# Whats with these fake credit card calls?



## a_medico (Jan 26, 2013)

So I have been receiving these calls which claim to be from so and so bank and wants me to pay the credit back, which I never borrowed. I never use credit card. It doesn't take long time to figure that they are fake. So if don't tend to listen to them, they get rude. Then the guy says, I'll call your relatives and they call them. They have your mobile number, landline number, relatives number etc etc

And I know I am not the only person in the world to have received this. I have blocked their calls by using various android applications. 

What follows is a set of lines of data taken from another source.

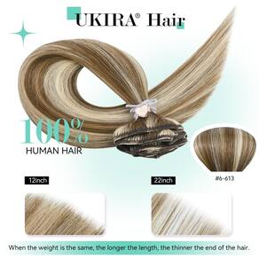 Ukira blonde destaca extensões de cabelo. Feito de cabelo humano Remy. Tanto o brilho quanto a suavidade são indistinguíveis do seu cabelo natural. Eles se misturam perfeitamente com a cor do seu cabelo para criar seu volume ou comprimento ideal. É muito macio e sedoso. Você pode enrolar, secar e alisar como seu próprio cabelo.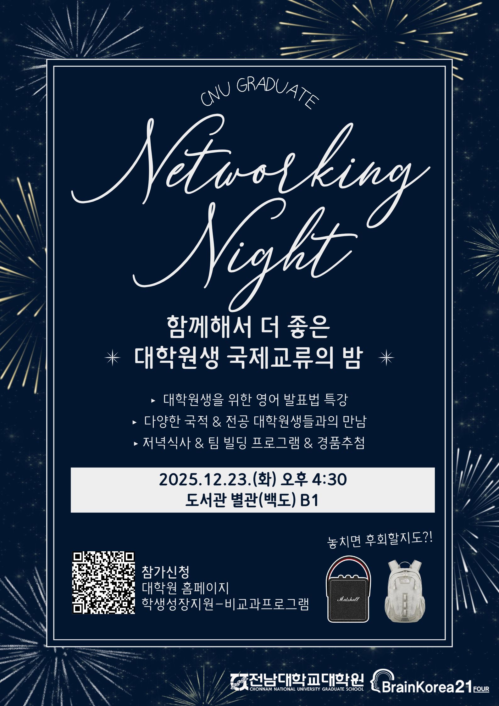 2025 Graduate Networking Night (´ëÇпø»ý ±³·ùÀÇ ¹ã)¿¡ ¿©·¯ºÐÀ» ÃÊ´ëÇÕ´Ï´Ù! Àü°ø°ú ±¹ÀûÀ» ¶Ù¾î³Ñ´Â ±³·ùÀÇ ÀåÀ¸·Î, Çѱ¹ÀÎ & ¿Ü±¹ÀÎ ¸ðµÎ ȯ¿µÇÕ´Ï´Ù. Çà»ç ¾È³»- Âü¿©´ë»ó: ³»¿Ü±¹ÀÎ ´ëÇпø»ý ¹× ½ÅÁø¿¬±¸ÀηÂ- ÀϽÃ: 2025. 12. 23.(È) 16:30~22:00- Àå¼Ò: µµ¼°ü º°°ü(¹éµµ) ÁöÇÏ 1Ãþ Ãë¾÷°Àǽǥ±- ÁøÇà¾ð¾î: ¿µ¾îÇÁ·Î±×·¥ ³»¿ë- Ư°: ¿µ¾î ³í¹® ¹ßÇ¥¹ý- ³×Æ®¿öÅ·: ´Ù¾çÇÑ ºÐ¾ßÀÇ Âü°¡ÀÚµé°ú ±³·ù- Àú³á½Ä»ç & ÆÀ Ȱµ¿: ¸ÀÀÖ´Â ½Ä»ç¿Í ÆÀ ºôµù ¾×ƼºñƼ🎁 ¸ðµç Âü°¡ÀÚ¿¡°Ô ±â³äǰ(´Üüº¹) ÁõÁ¤!Âü°¡¸¦ ¿øÇϽøé, ¾Æ·¡ Á¤º¸¸¦ ÀÛ¼ºÇÑ ÈÄ '½ÅûÇϱâ' ¹öưÀ» ´·¯ÁÖ¼¼¿ä.¹®ÀÇ: jje0727@jnu.ac.kr / 062-530-5915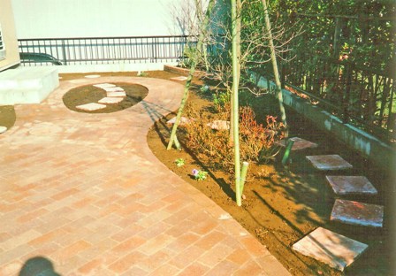 ![]() レンガを仕切る柔らかい曲線の向こうは、洗い出し仕上げ。狭い場所ながら質の高い空間になっている。 |
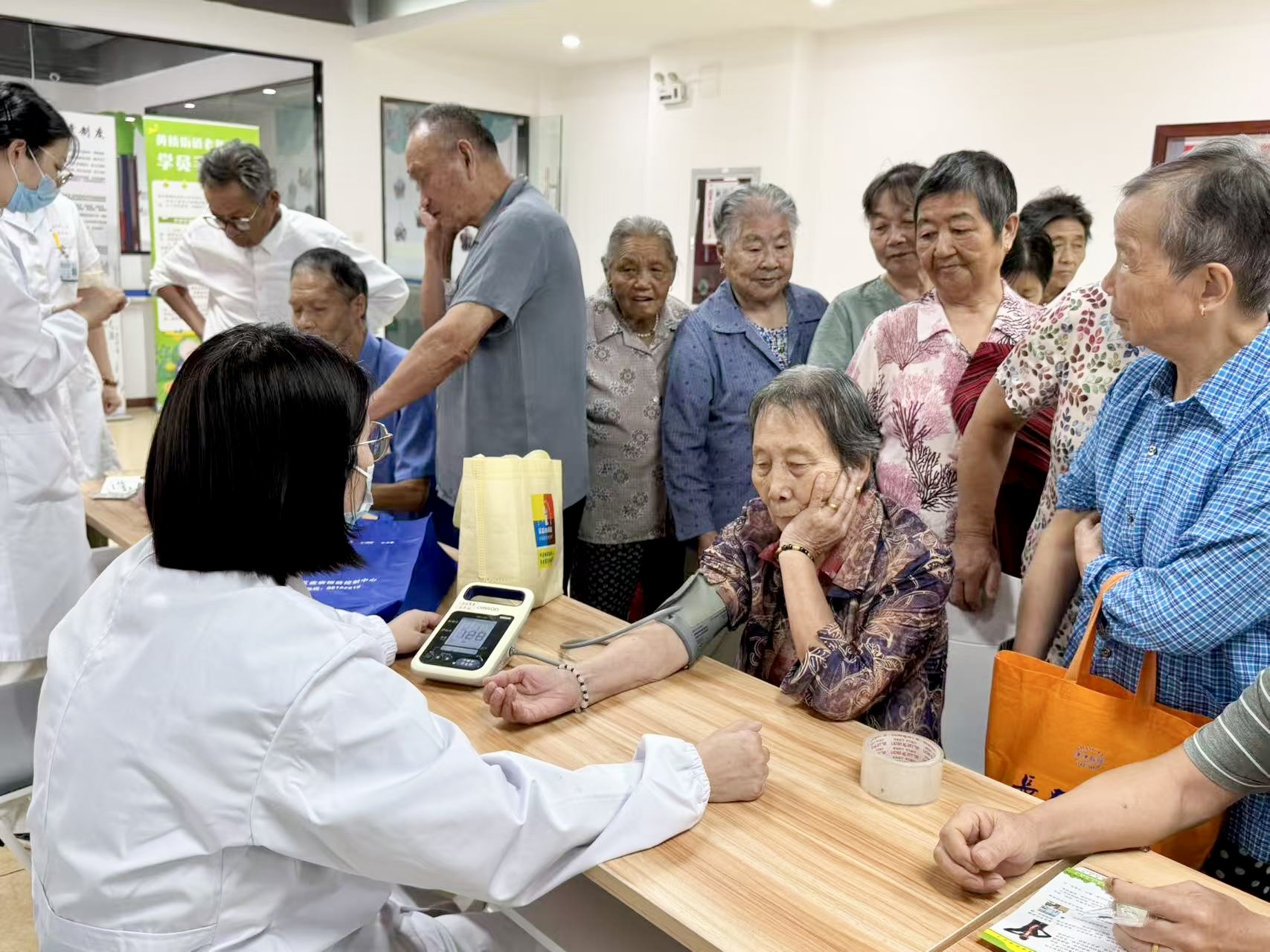 医务人员们分工协作,为现场居民提供免费血压血糖测量、体格检查、专科问诊、用药指导等服务。针对不同病症和个体差异,提出合理的诊疗建议和治疗方案,帮助大家及时了解自身健康状况,掌握健康生活方式,用健康、科学的方式向老年人表达节日祝福。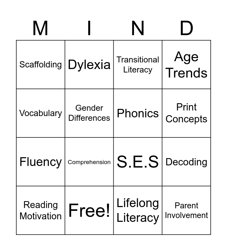 This bingo card has 16 words: Free!, Decoding, Transitional Literacy, Scaffolding, Fluency, Dylexia, S.E.S, Lifelong Literacy, Vocabulary, Gender Differences, Reading Motivation, Age Trends, Comprehension, Print Concepts, Phonics and Parent Involvement.
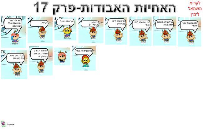 היי(: אז זה פרק 17 מקווה שאהבתם!!! שאלות: 1.האם הם יצילו את אמא שלהם? הודעות: 1. הפרק הבא יהיה הפרק לפני האחרון. אל תדאגו תהייה עוד עונה. 2.שאלות תשובות,אתם שואלים וספוגי עונה והמנצחים בתחרות, סליחה שאני מתעכבת פשוט אין כבר חופש ואני אנסה לעשות ביום השבת הקרוב וזה יעלה ביום ראשון הבא. ביי(:

My point is, why are they so persistent? After having enough conversations, they very well know that I know they are fake and wont be making any payment. Still they keep on calling on daily basis. Almost since a month. How do they gain from this? I mean there are other people in the world who would fall to their trick. They why waste time on someone who wouldn't? Am I missing something here?


----------



## krishnandu.sarkar (Jan 26, 2013)

Nothing. You are on right track.

The root of the problem is even if your number is registered with DND, Telecom Companies sells the list (including DND Numbers) to these 3rd parties / call centers etc.

TRAI needs to look at this thing strictly.


----------



## a_medico (Jan 26, 2013)

What do they get wasting their time on someone who wouldnt even bother. They just keep on trying trying and trying.


----------